DMARC p=none — You're Monitoring But Not Protected

p=none means you’re collecting reports — not blocking spoofed mail. Start here — then move to quarantine or reject after you trust your senders.

What p=none does

Collects aggregate reports so you see who sends as you. Doesn’t block or quarantine — visibility without risk.

When to stay vs move

Stay on none for 2–4 weeks while you learn your traffic.
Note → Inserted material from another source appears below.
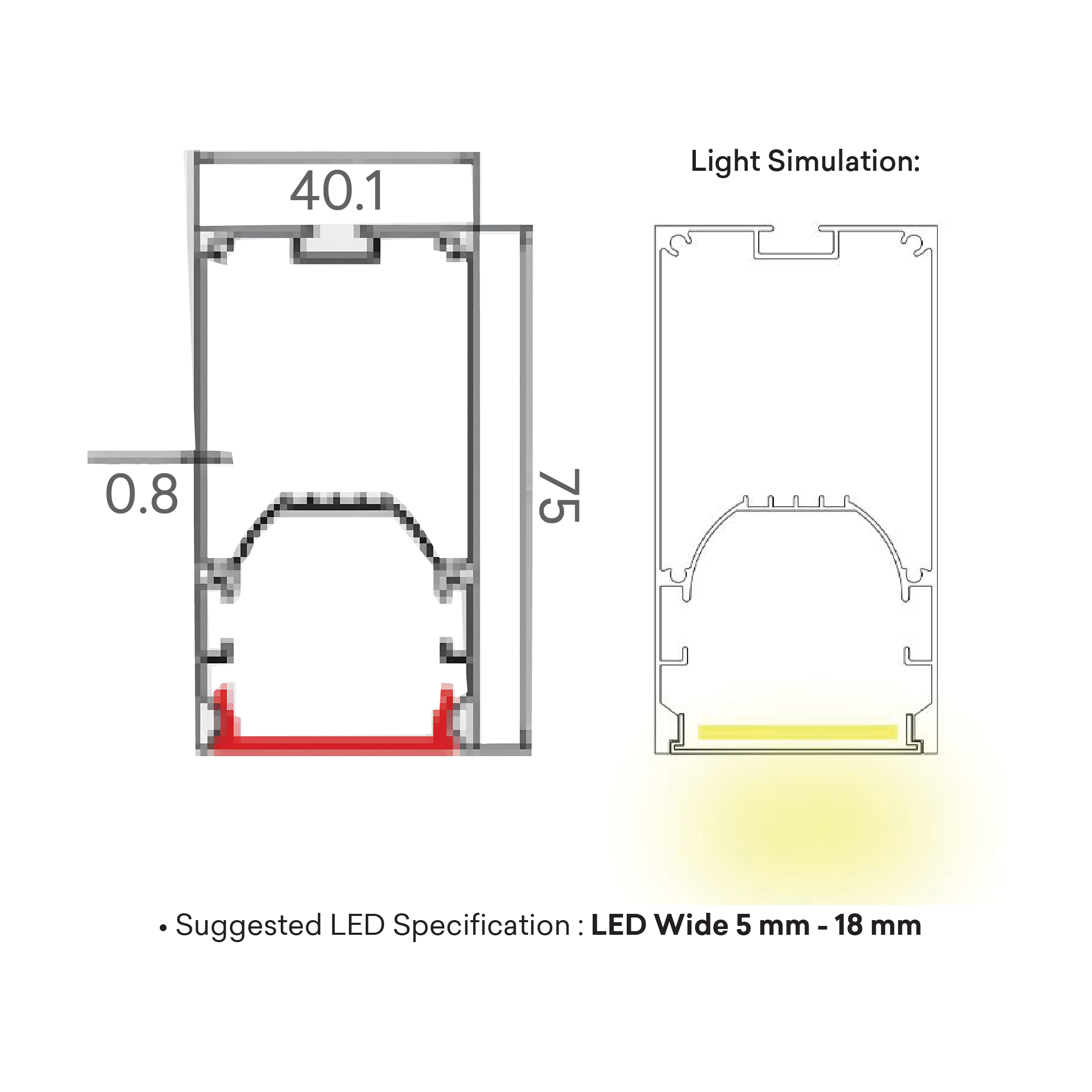 Penta Linea ALUMINIUM PROFILE 40.1X75MM ANODIZING SILVER 3M/PC

Move to p=quarantine when reports look clean — then p=reject when you’re brave.

Fix it step by step

Step 1 Add rua=mailto:… to your DMARC record if missing — you need reports before upgrading
Step 2 Paste aggregate XML into DomainPreflight DMARC Report Analyzer
Step 3 Fix any senders failing alignment before you enforce
Step 4 After 2–4 weeks of clean reports → change p=none to p=quarantine
Step 5 Monitor for a week → if clean, move toward p=reject
Step 6 Run DNS Preflight to confirm the new policy is live

Open the DMARC Report Analyzer

DMARC Report Analyzer →

FAQ

Is DMARC p=none bad?

Not for the first weeks — it’s the right starting point. Bad if you stay forever with no enforcement.

Can attackers spoof me with p=none?

Yes — none doesn’t block. Reports show abuse — they don’t stop it.

How do I get aggregate reports?

Add rua=mailto:dmarc@yourdomain.com to DMARC — big providers send daily XML zips.

When is it safe to move to p=reject?

After weeks of reports showing legit senders aligned — use the analyzer to verify.

Will p=reject break my mail?

Only if you still have unaligned legit senders. Fix alignment at none first — then enforce.